Utilizing magnetic xanthan gum nanocatalyst for the synthesis of acridindion derivatives via functionalized macrocycle Thiacalix[4]arene

Fereshte Hassanzadeh-Afruzi; Mohammad Mehdi Salehi; Ghazaleh Ranjbar; Farhad Esmailzadeh; Peyman Hanifehnejad; Mojtaba Azizi; Faten Eshrati Yeganeh; Ali Maleki

doi:10.1038/s41598-023-49632-x

Utilizing magnetic xanthan gum nanocatalyst for the synthesis of acridindion derivatives via functionalized macrocycle Thiacalix[4]arene

Sci Rep. 2023 Dec 13;13(1):22162. doi: 10.1038/s41598-023-49632-x.

Authors

Fereshte Hassanzadeh-Afruzi^#¹, Mohammad Mehdi Salehi^#¹, Ghazaleh Ranjbar¹, Farhad Esmailzadeh¹, Peyman Hanifehnejad¹, Mojtaba Azizi¹, Faten Eshrati Yeganeh¹, Ali Maleki²

Affiliations

¹ Catalysts and Organic Synthesis Research Laboratory, Department of Chemistry, Iran University of Science and Technology, Tehran, Iran.
² Catalysts and Organic Synthesis Research Laboratory, Department of Chemistry, Iran University of Science and Technology, Tehran, Iran. maleki@iust.ac.ir.

^# Contributed equally.

Abstract

An effective method for synthesizing acridinedione derivatives using a xanthan gum (XG), Thiacalix[4]arene (TC4A), and iron oxide nanoparticles (IONP) have been employed to construct a stable composition, which is named Thiacalix[4]arene-Xanthan Gum@ Iron Oxide Nanoparticles (TC4A-XG@IONP).
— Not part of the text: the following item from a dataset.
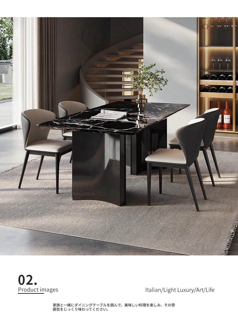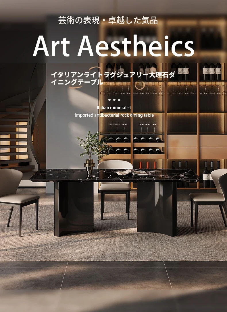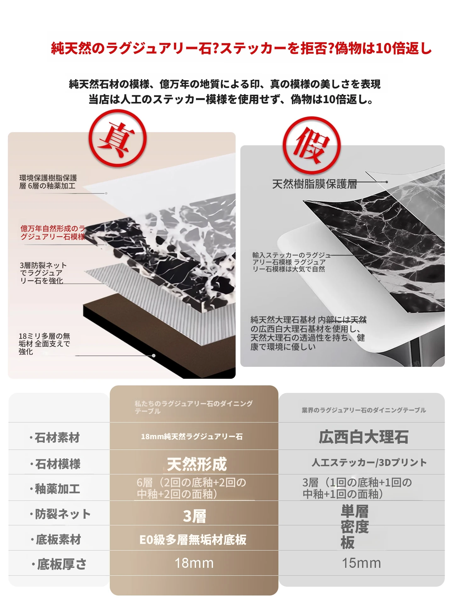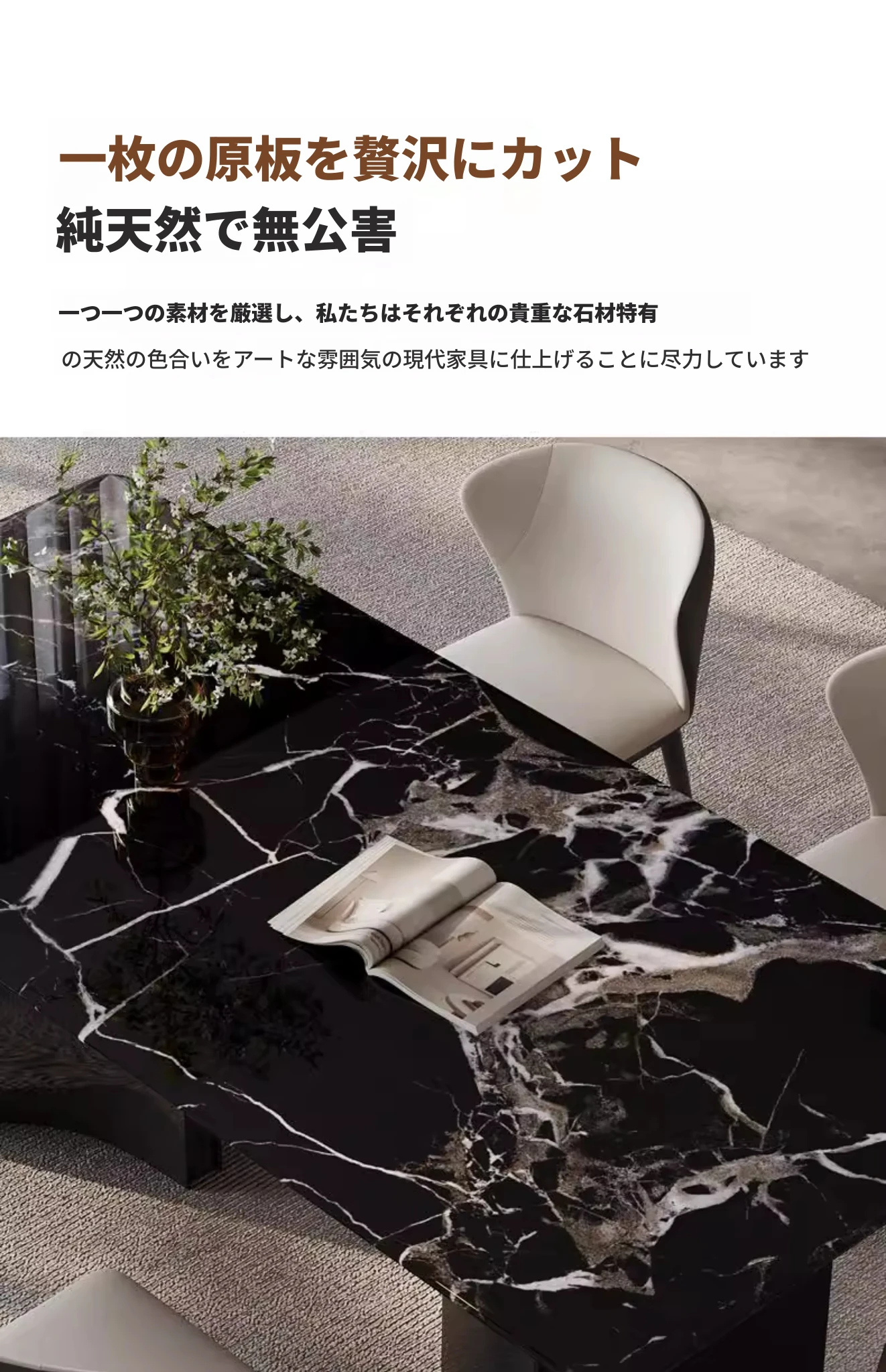 イタリア輸入ヴェネツィアブラウン天然ラグジュアリー石製ダイニングテーブル+デザイナーチェア*6脚【偽物は十倍返し】

The process used to fabricate this nanocatalyst includes the in-situ magnetization of XG, its amine modification by APTES to get NH₂-XG@IONP hydrogel, the synthesis of TC4A, its functionalization with epichlorohydrine, and eventually its covalent attachment onto the NH₂-XG@IONP hydrogel. The structure of the TC4A-XG@IONP was characterized by different analytical methods including Fourier-transform infrared spectroscopy, X-Ray diffraction analysis (XRD), Energy Dispersive X-Ray, Thermal Gravimetry analysis, Brunauer-Emmett-Teller, Field Emission Scanning Electron Microscope and Vibration Sample Magnetomete. With magnetic saturation of 9.10 emu g^-1 and ~ 73% char yields, the TC4As-XG@IONP catalytic system demonstrated superparamagnetic property and high thermal stability. The magnetic properties of the TC4A-XG@IONP nanocatalyst system imparted by IONP enable it to be conveniently isolated from the reaction mixture by using an external magnet. In the XRD pattern of the TC4As-XG@IONP nanocatalyst, characteristic peaks were observed. This nanocatalyst is used as an eco-friendly, heterogeneous, and green magnetic catalyst in the synthesis of acridinedione derivatives through the one-pot pseudo-four component reaction of dimedone, various aromatic aldehydes, and ammonium acetate or aniline/substituted aniline. A combination of 10 mg of catalyst (TC4A-XG@IONP), 2 mmol of dimedone, and 1 mmol of aldehyde at 80 °C in a ethanol at 25 mL round bottom flask, the greatest output of acridinedione was 92% in 20 min.This can be attributed to using TC4A-XG@IONP catalyst with several merits as follows: high porosity (pore volume 0.038 cm³ g^-1 and Pore size 9.309 nm), large surface area (17.306 m² g^-1), three dimensional structures, and many catalytic sites to active the reactants. Additionally, the presented catalyst could be reused at least four times (92-71%) with little activity loss, suggesting its excellent stability in this multicomponent reaction. Nanocatalysts based on natural biopolymers in combination with magnetic nanoparticles and macrocycles may open up new horizons for researchers in the field.